Advantages of extraperitoneal laparoscopic, robotic radical prostatectomy confirmed

Article

Use of an extraperitoneal approach for either laparoscopic or robot-assisted radical prostatectomy yields excellent results and has significant advantages over performing these minimally invasive procedures via a transperitoneal route.

Key Points

"The majority of urologists who have trained to perform LRP or RARP use the transperitoneal approach because it is easier to learn," said lead author Jean V. Joseph, MD, MBA, associate professor of urology at the University of Rochester. "However, the extraperitoneal technique has advantages that potentially enable faster recovery and fewer complications over the longer term. That is perhaps why open radical prostatectomy has evolved to become an extraperitoneal procedure.

Dr. Joseph was the primary surgeon for the RARP cases in this review. Clement-Claude Abbou, MD, was the lead surgeon for the French series of laparoscopic cases.

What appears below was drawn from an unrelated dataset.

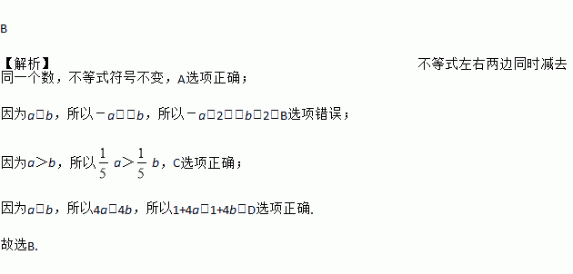 A. a -3> b -3 B. - a +2>- b +2 C. a>b D. 1+4a>1+4b

Patients in the two series had a similar body mass index (~28 kg/m2 ), but the mean age and mean preoperative PSA reflected the tendency for prostate cancer to be detected at an earlier stage in the United States than in Europe as a result of more proactive screening. Men in the RARP series had a mean age of 60 years and a mean preoperative PSA of 6.6 ng/mL compared with a mean age of 65 years and a mean preoperative PSA of 10.1 ng/mL in the French group.

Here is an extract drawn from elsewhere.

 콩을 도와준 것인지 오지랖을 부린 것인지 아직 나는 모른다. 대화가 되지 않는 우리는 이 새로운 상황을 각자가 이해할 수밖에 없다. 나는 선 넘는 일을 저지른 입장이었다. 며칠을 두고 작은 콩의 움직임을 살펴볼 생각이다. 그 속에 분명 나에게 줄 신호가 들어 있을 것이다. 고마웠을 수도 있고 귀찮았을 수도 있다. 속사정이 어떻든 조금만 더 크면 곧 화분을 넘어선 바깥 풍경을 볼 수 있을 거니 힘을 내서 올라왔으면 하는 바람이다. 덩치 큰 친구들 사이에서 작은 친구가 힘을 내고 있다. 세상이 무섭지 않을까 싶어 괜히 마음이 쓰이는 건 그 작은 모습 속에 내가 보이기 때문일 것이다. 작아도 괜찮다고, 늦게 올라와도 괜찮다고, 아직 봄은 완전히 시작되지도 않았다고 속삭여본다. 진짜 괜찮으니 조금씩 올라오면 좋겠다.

Although the RARP and LRP groups were similar with respect to mean preoperative Gleason scores (6.2 vs. 6.3), postoperative Gleason scores (6.5 vs. 6.9), clinical stage distributions (75%-80% T1c), and proportions of men who underwent lymph node dissection (37.3% vs. 40.3%), pathologic stage data showed the French men had more advanced cancers. Stage pT3-4 disease was present in 147 RARP patients (19.4%) compared with 349 LRP patients (43.6%) in that data set.

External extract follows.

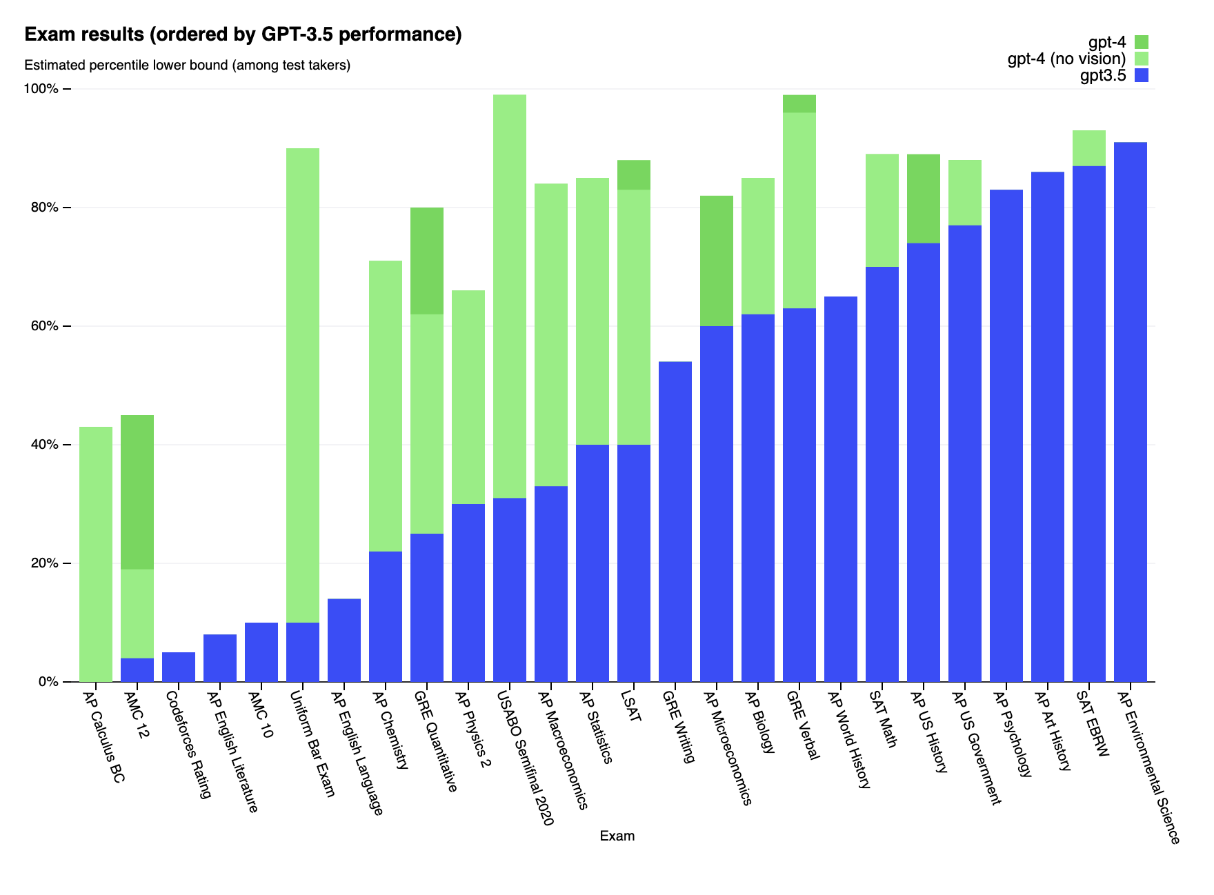 По вертикали – процент людей, сдававших тот или иной экзамен хуже, чем GPT-4 (зелёный) / GPT-3.5 (синий столбик). Чем выше столбик – тем «умнее» модель по сравнению с человеком

"The difference in cancer screening patterns between the two countries likely also explains the higher positive margin rate in the French series compared with ours (30.8% vs. 13.1%)," Dr. Joseph said. "A greater number of patients in the French series had advanced or higher-stage cancers compared to the Rochester series."

Total operative time was slightly longer with RARP compared with LRP (194 vs. 179 minutes), but both mean estimated blood loss and transfusion rate in the LRP group were higher than in the RARP group (768 mL and 4.3% vs. 190 mL and 1.3%, respectively).